Transcribe the full listing without changing a word, and omit its pictures.

•••

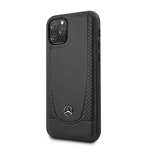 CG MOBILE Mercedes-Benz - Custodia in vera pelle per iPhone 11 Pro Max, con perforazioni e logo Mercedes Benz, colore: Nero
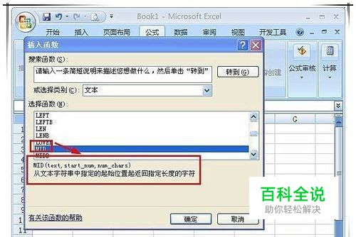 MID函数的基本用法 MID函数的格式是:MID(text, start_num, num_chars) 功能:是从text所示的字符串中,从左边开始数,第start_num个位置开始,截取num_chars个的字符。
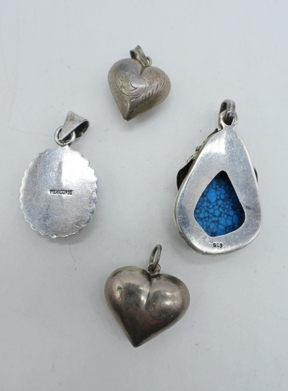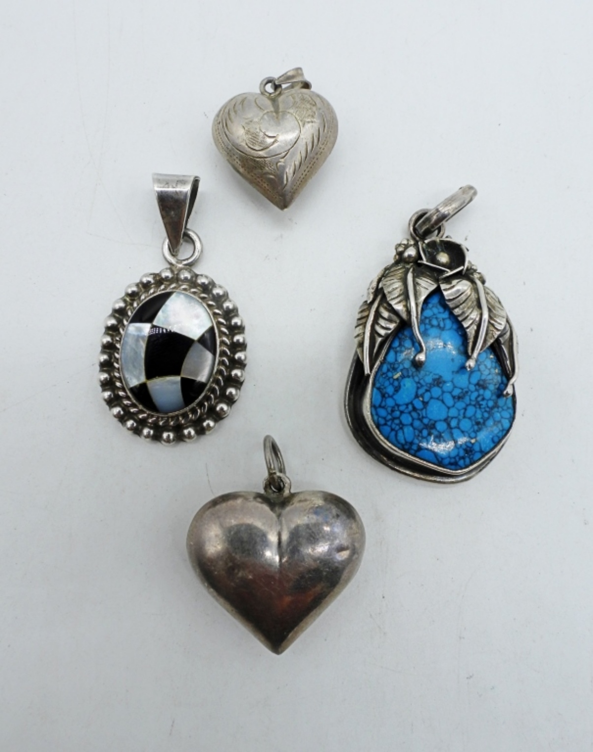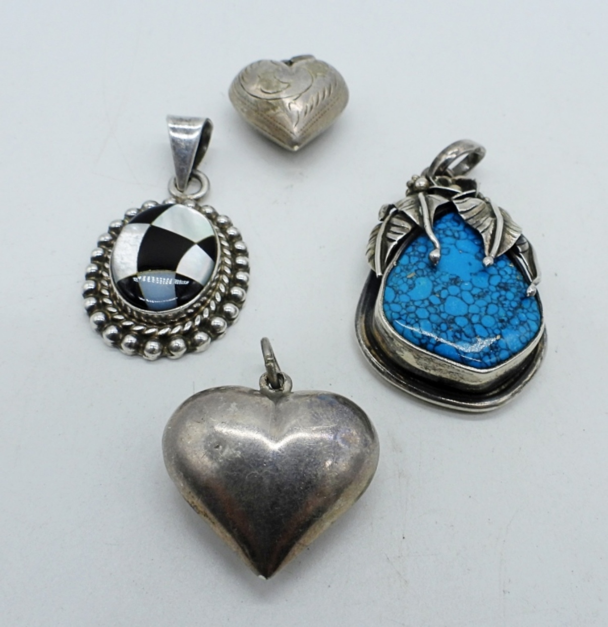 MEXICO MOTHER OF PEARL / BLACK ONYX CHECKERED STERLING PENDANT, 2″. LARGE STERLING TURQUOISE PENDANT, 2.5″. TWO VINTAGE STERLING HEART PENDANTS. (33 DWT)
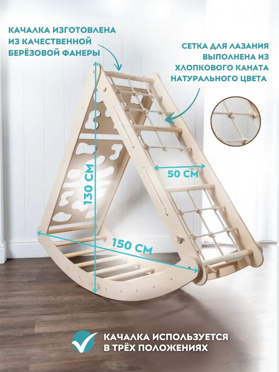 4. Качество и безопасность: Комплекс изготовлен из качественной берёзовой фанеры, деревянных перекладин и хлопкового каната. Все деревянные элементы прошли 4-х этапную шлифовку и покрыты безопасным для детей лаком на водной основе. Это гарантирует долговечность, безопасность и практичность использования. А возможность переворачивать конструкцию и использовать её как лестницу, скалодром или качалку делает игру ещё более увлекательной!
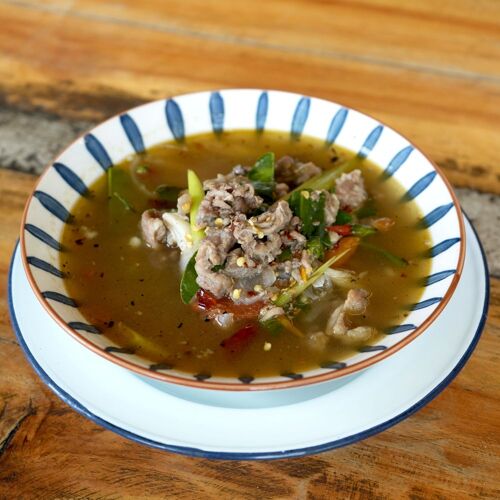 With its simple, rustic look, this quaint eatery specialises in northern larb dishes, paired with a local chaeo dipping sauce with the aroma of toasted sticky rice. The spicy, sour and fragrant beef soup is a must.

•••

▸ Response to this task:
 CG MOBILE Mercedes-Benz - Custodia in vera pelle per iPhone 11 Pro Max, con perforazioni e logo Mercedes Benz, colore: Nero
 MID函数的基本用法 MID函数的格式是:MID(text, start_num, num_chars) 功能:是从text所示的字符串中,从左边开始数,第start_num个位置开始,截取num_chars个的字符。
 MEXICO MOTHER OF PEARL / BLACK ONYX CHECKERED STERLING PENDANT, 2″. LARGE STERLING TURQUOISE PENDANT, 2.5″. TWO VINTAGE STERLING HEART PENDANTS. (33 DWT)
 4. Качество и безопасность: Комплекс изготовлен из качественной берёзовой фанеры, деревянных перекладин и хлопкового каната. Все деревянные элементы прошли 4-х этапную шлифовку и покрыты безопасным для детей лаком на водной основе. Это гарантирует долговечность, безопасность и практичность использования. А возможность переворачивать конструкцию и использовать её как лестницу, скалодром или качалку делает игру ещё более увлекательной!
 With its simple, rustic look, this quaint eatery specialises in northern larb dishes, paired with a local chaeo dipping sauce with the aroma of toasted sticky rice. The spicy, sour and fragrant beef soup is a must.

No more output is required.